Короче я в шоке,моя зазноба меня зафрендзонила
Сама вспомнила про меня после обоюдного игнора,назвала другом,пригласила в гости,я решил что у нас отношения,она тоже так говорила,переспали несколько раз,называла меня папой своего сына
 Сегодня днем пишет - "не приезжай пока,мы ж просто друзья"
 Логика отсутствует напрочь,думал она меня будет использовать по полной и был согласен на это,ничего еще не сделал,лишь приехал в гости несколько раз,теперь сама зафрендзонила
 Хотя меня этот вариант более чем устраивает,по натуре одиночка,тяжко с ней было бы ужиться,но ее родные - это вообще пипец

----------


## Aare

как всё сложно у тебя)

----------


## Игорёк

> Короче я в шоке,моя зазноба меня зафрендзонила
> Сама вспомнила про меня после обоюдного игнора,назвала другом,пригласила в гости,я решил что у нас отношения,она тоже так говорила,переспали несколько раз,называла меня папой своего сына
>  Сегодня днем пишет - "не приезжай пока,мы ж просто друзья"
>  Логика отсутствует напрочь,думал она меня будет использовать по полной и был согласен на это,ничего еще не сделал,лишь приехал в гости несколько раз,теперь сама зафрендзонила
>  Хотя меня этот вариант более чем устраивает,по натуре одиночка,тяжко с ней было бы ужиться,но ее родные - это вообще пипец


 Сам выбираешь свою судьбу. Может ты мазохист и тебе это все по приколу в глубине души ?

----------


## qwe

> Короче я в шоке,моя зазноба меня зафрендзонила


 Резкие повороты часто означают, что на горизонте появился некто еще.

----------


## pipetkin32

> Сам выбираешь свою судьбу. Может ты мазохист и тебе это все по приколу в глубине души ?

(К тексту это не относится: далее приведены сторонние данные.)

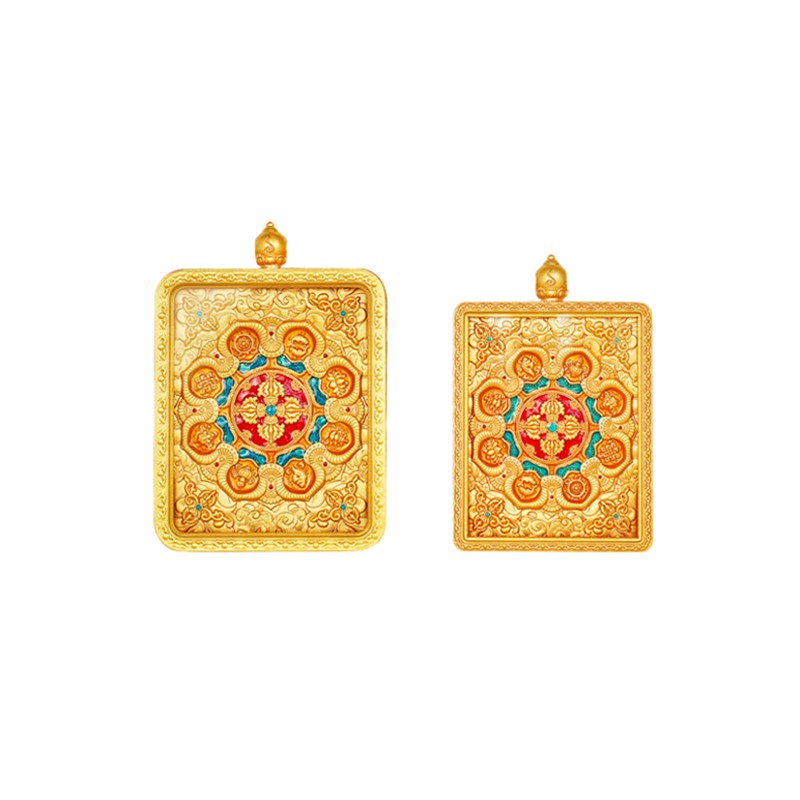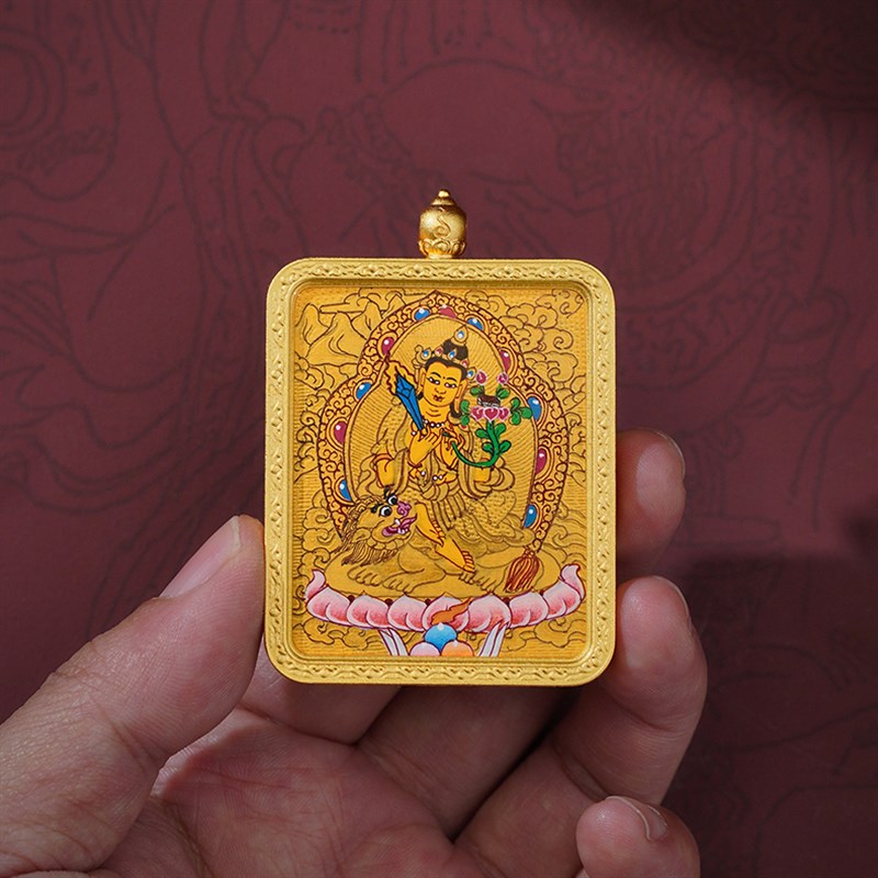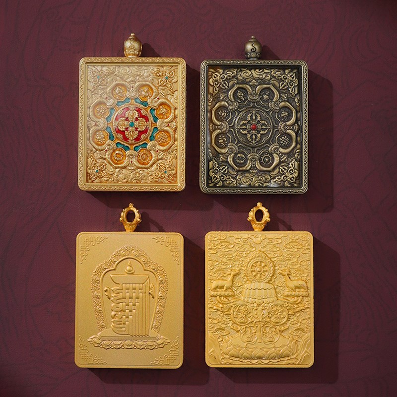藏式嘎乌盒唐卡画盒n黄铜古铜做旧风格精雕吊坠扎基拉姆五爷文殊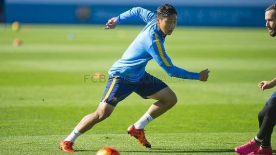 백승호가 다시 바르셀로나 1군에서 훈련을 펼쳤다.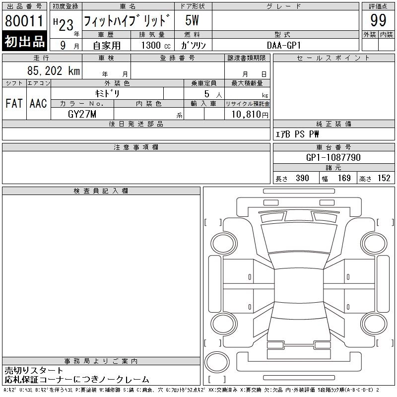 HONDA FIT HYBRID 2011 г., лот № 80011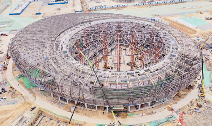 最新监测数据表明,综合管的滑动支座径向和环向位移最大值为21毫米,满足设计限值50毫米的要求;支座最大转角为0.01rad,满足0.02rad限值要求;穹顶结构控制点竖向位移最大为69毫米,与设计理论值吻合;穹顶结构对称点竖向位移最大差值为9毫米,远小于20毫米限值要求。所有对称位置索力均匀分布,穹顶结构整体稳定性良好,为接下来穹顶之上金属屋面及之下30吨斗屏的安装创造了极为有利的条件。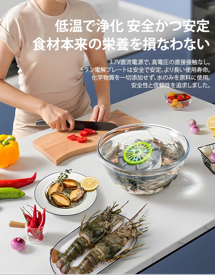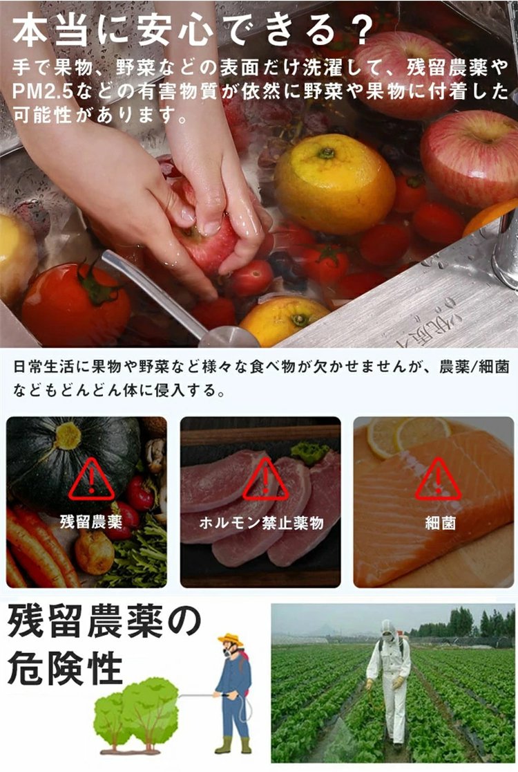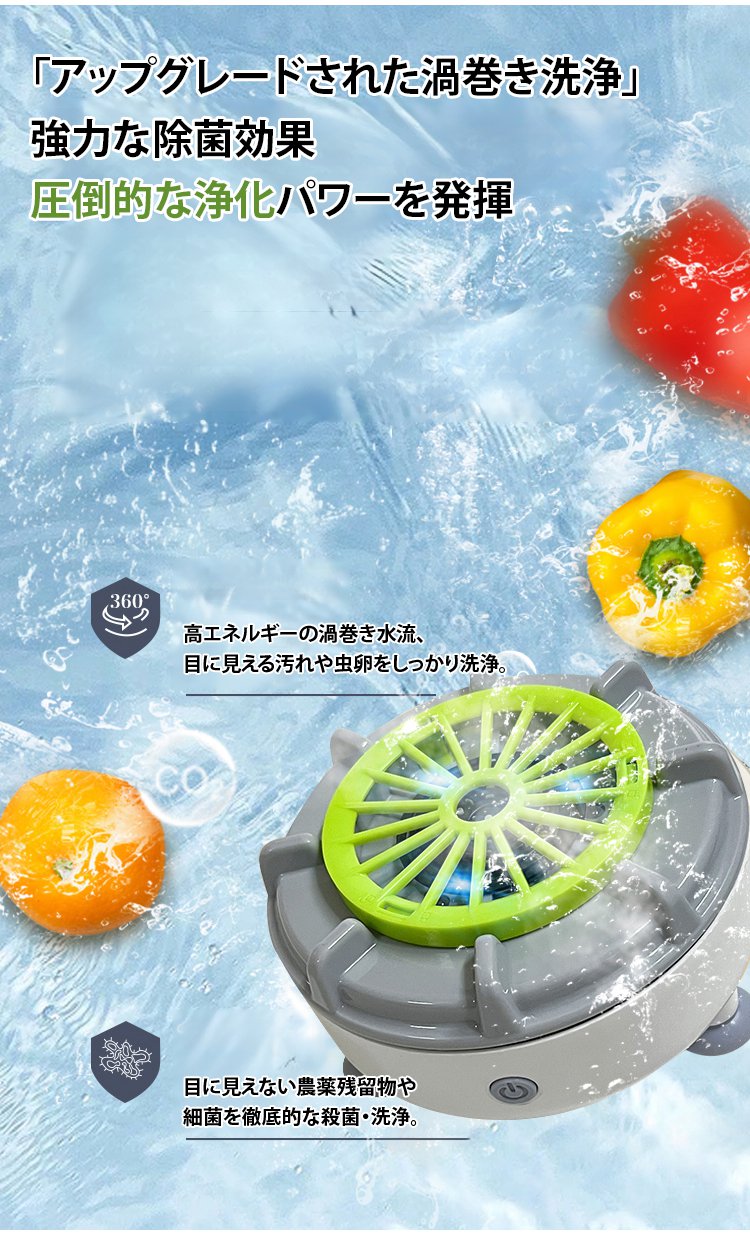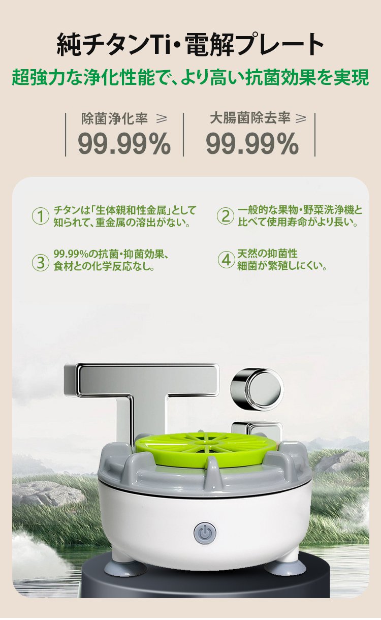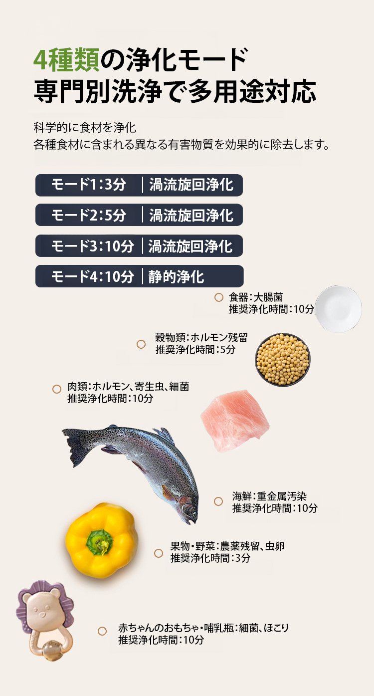 4段階モードで野菜・お肉・食器・ベビー用品も安心。たった10分で99.99%の汚れと菌を除去します。

   Мой выбор невелик - или с ней имитировать отношения,или опять многолетнее одиночество.Но в обоих случаях все закончится самовыпилом




> Резкие повороты часто означают, что на горизонте появился некто еще.


   Не думаю
 Да кому она нужна - 32 года с ребенком,неблагополучная семья и условия проживания
 Но если предположить теоретически то это не станет неожиданностью и трагедией,она ведь в прошлом году родила от одноразового,и начала писать как будто ничего не случилось




> как всё сложно у тебя)


  Разве у меня?
 Это она воду мутит

----------


## Игорёк

> Мой выбор невелик - или с ней имитировать отношения,или опять многолетнее одиночество.Но в обоих случаях все закончится самовыпилом
> 
> 
>   Не думаю
>  Да кому она нужна - 32 года с ребенком,неблагополучная семья и условия проживания
>  Но если предположить теоретически то это не станет неожиданностью и трагедией,она ведь в прошлом году родила от одноразового,и начала писать как будто ничего не случилось
> 
> 
>  Разве у меня?
>  Это она воду мутит


  Ты почему-то уверен в своем многолетнем одиночестве. Ну раз она тебе дала, значит и другая дать сможет. Это же логика прямая. Надо просто искать и знакомиться, себя в порядок приводить, а тебе просто лень. Так и говори тогда, а не сопли размазывай какой ты плохой.
Просто для секса, если она хоть немного симпатична - много кому нужна будет. Ребенок конечно огромная проблема, но стая токсикозников слишком велика, многие не побрезгуют этим фактором.

----------


## pipetkin32

> Ты почему-то уверен в своем многолетнем одиночестве. Ну раз она тебе дала, значит и другая дать сможет. Это же логика прямая. Надо просто искать и знакомиться, себя в порядок приводить, а тебе просто лень. Так и говори тогда, а не сопли размазывай какой ты плохой.
> Просто для секса, если она хоть немного симпатична - много кому нужна будет. Ребенок конечно огромная проблема, но стая токсикозников слишком велика, многие не побрезгуют этим фактором.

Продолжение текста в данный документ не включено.